The modified postulate that many lines parallel to a given line can pass through a given external point turns out to yield a geometry defined on a pseudo-sphere (a surface of constant "negative" curvature) rather than on a plane. Here the construct of line (or "straight line") comes to signify a segment with a "negative" curvature equal in value to the curvature of the pseudo-sphere. On a pseudo-sphere, more than one line parallel to a given line can pass through a given external point. The modified postulate that no line parallel to a given line can pass through a given point turns out to yield a geometry defined on the surface of a sphere rather than on a plane. Here the construct of line (or "straight line") comes to signify a segment with a "positive" curvature equal in value to the curvature of the sphere, namely, a segment of a great circle. On a sphere, all great circles intersect: parallel lines cannot exist.


The achievements of the non-euclidean geometers leave a curiously diversified situation. Their predecessors had one and only one mathematical construct of "the shortest distance between two points," and could regard as valid the identity-statement (special case of Aristotle's Law of Identity):


A line is a line. [1]


Their peers and successors, however, have at least three mathematical constructs for "the shortest distance between two points." Further, they have a totally unexpected new construct -- namely, the "space" (planar, spherical or pseudo-spherical), or more generally, the setting -- to specify before they can posit a line or other geometrical figure. In the newer, diversified situation, the construct of line qualifies as incomplete until after the setting for it gets specified. In other words, the generally valid statement about the GENERAL construct of line negates Identity, holding that:


A line IS NOT a line. [2]


After all, if nobody has previously specified one "space" or another as the setting for this proposition, nothing prevents the substitution of one "kind" of line on one side of the negated copula and another on the other, converting [2] into the following, "obviously" correct proposition:


A (planar) line IS NOT a (spherical) line. [2a]


Moreover, we no longer regard even a "straight line" quite as we used to: we now describe it as "a segment having a radius of curvature infinitely great." While few of us may actually use such terms, many of us use the results, for instance, in Great Circle airline routes, etc.




The outre' expression [2] -- a statement of Non-identity rather than Identity -- does provide a way of summarizing these revolutionary ideas so as to make them appear as deviations from earlier viewpoints. But more important, it also opens up a way of specifying, both logically and psychologically, just HOW an innovator arrives at an innovation. To finish this job, we need four fundamental constructs to use in our analysis: namely, the logic of opposites; the Sapir-Whorf-Korzybski principle; a logically and empirically satisfactory way of handling the apparently 'purposive' activities of living systems; and a way of characterizing the environment unique to humans. After presenting these constructs, we shall use them to discuss four aspects of the process of innovating: the perceptual, the feelingful, the logical and the linguistic.


a. The logic of opposites


The question of how an innovator innovates depends on what we call the logic of opposites 17: the relations which exist between a construct and its opposite or contradictory or complement -- in particular, between Identity (or the binary relation of identical with) and Non-identity (or the binary relation of distinguishable from).
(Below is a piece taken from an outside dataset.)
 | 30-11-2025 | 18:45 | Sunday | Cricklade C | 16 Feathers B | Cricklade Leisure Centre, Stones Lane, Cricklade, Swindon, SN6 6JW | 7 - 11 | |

Humans through history and around the planet have devised a number of versions of the logic of opposites. For one example, speakers/writers of certain languages, such as English, generate a term to indicate the opposite of a given term (usually, a noun or noun-phrase) by the "simple" expedient of affixing a particle (e.g. not-). The two opposing terms which they produce in this fashion appear discrete, separable, with nothing in common but their opposition -- the procedure does not require them to posit a single setting to encompass both. We can display this kind of relationship of opposing terms ( C and not-C ) by drawing a single circle on an undelimited plane. (See Figure 2.) The points within the circle exemplify C , and those outside the circle exemplify not-C , which by default amounts to "everything else." In such languages, even when the vocabulary contains common terms for both sides of a polarity (e.g. black vs. white, night vs. day, etc.), its speakers treat these explicit opposites as discrete, separable, as if no relationship existed between the two beyond their opposition.
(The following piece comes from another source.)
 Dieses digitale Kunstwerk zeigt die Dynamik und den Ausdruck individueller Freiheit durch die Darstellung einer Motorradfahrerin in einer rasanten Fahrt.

For a contrasting example, other languages, such as Chinese or the modern symbolic logics and set theories developed after the 1902 publication of Russell's Paradox18, constrain the process of forming opposites by requiring their users from the very beginning to postulate a single setting on which to define both the term and its opposite. That gives quite a different configuration -- like the construct of "order" and that of "chaos," defined as opposites on a setting of "the political condition," or the construct of "buy" and the opposing one of "sell," defined on a setting of "trade". We can display this kind of relationship -- an opposing term-pair composed of terms C and not-C defined on a specified setting -- by drawing two concentric circles on a plane. (See Figure 3.) The outer circle encloses a delimited domain. The points within the inner circle exemplify C , and those between the inner and the outer circles exemplify not-C . Here, no one will mistake not-C for a representation of "everything else, period" -- instead, it looks like "everything else within the delimited domain." Procedurally, this way of forming an opposing term-pair makes it impossible to TREAT the opposing terms as discrete and separable.
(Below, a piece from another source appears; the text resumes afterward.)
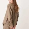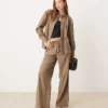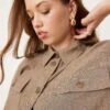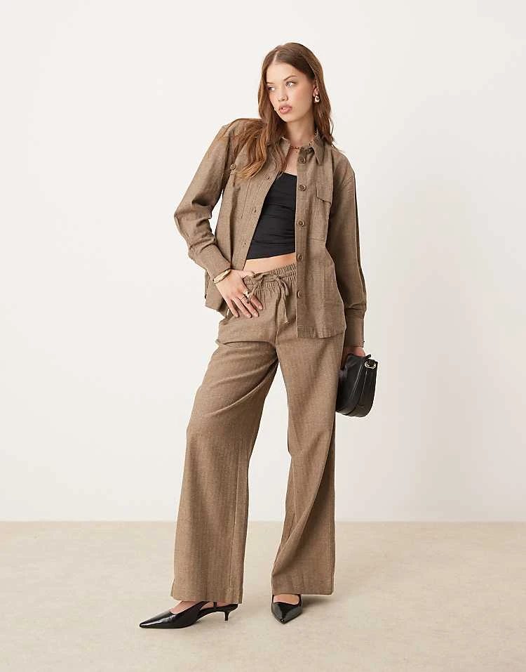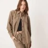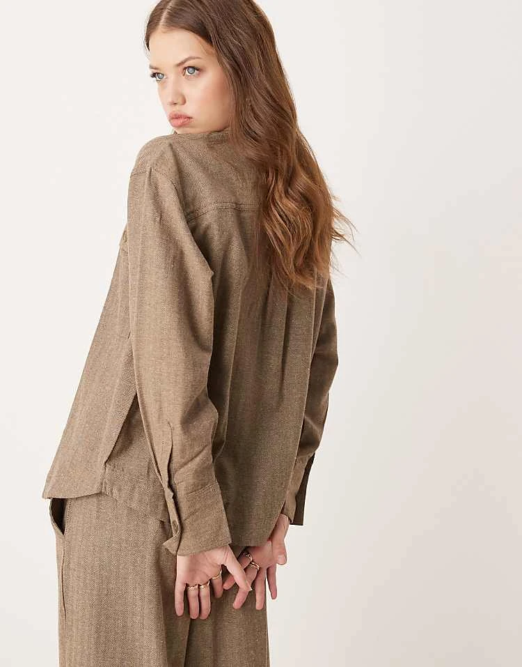 JDY Utility Pocket Shirt Co-ord In Brown Heringbone For Women

b. The principle of linguistic relativity


The question of how an innovator innovates hinges on the principle of linguistic relativity.19 Whorf expresses this principle as follows:


We dissect nature along lines laid down by our native languages. The categories and types that we isolate from the world of phenomena we do not find there because they stare every observer in the face; on the contrary, the world is presented in a kaleidoscopic flux of impressions which has to be organized by our minds -- and this means largely by the linguistic systems in our minds. We cut nature up, organize it into concepts, and ascribe significances as we do, largely because we are parties to an agreement to organize it in this way -- an agreement that holds throughout our speech community and is codified in the patterns of our language. The agreement is, of course, an implicit and unstated one, BUT ITS TERMS ARE ABSOLUTELY OBLIGATORY; we cannot talk at all except by subscribing to the organization and classification of data which the agreement decrees.20


The terms of the agreement may seem obligatory, but languages do not remain fixed. An innovator, of logical necessity, alters the terms of this "agreement" in ways that support the new vision.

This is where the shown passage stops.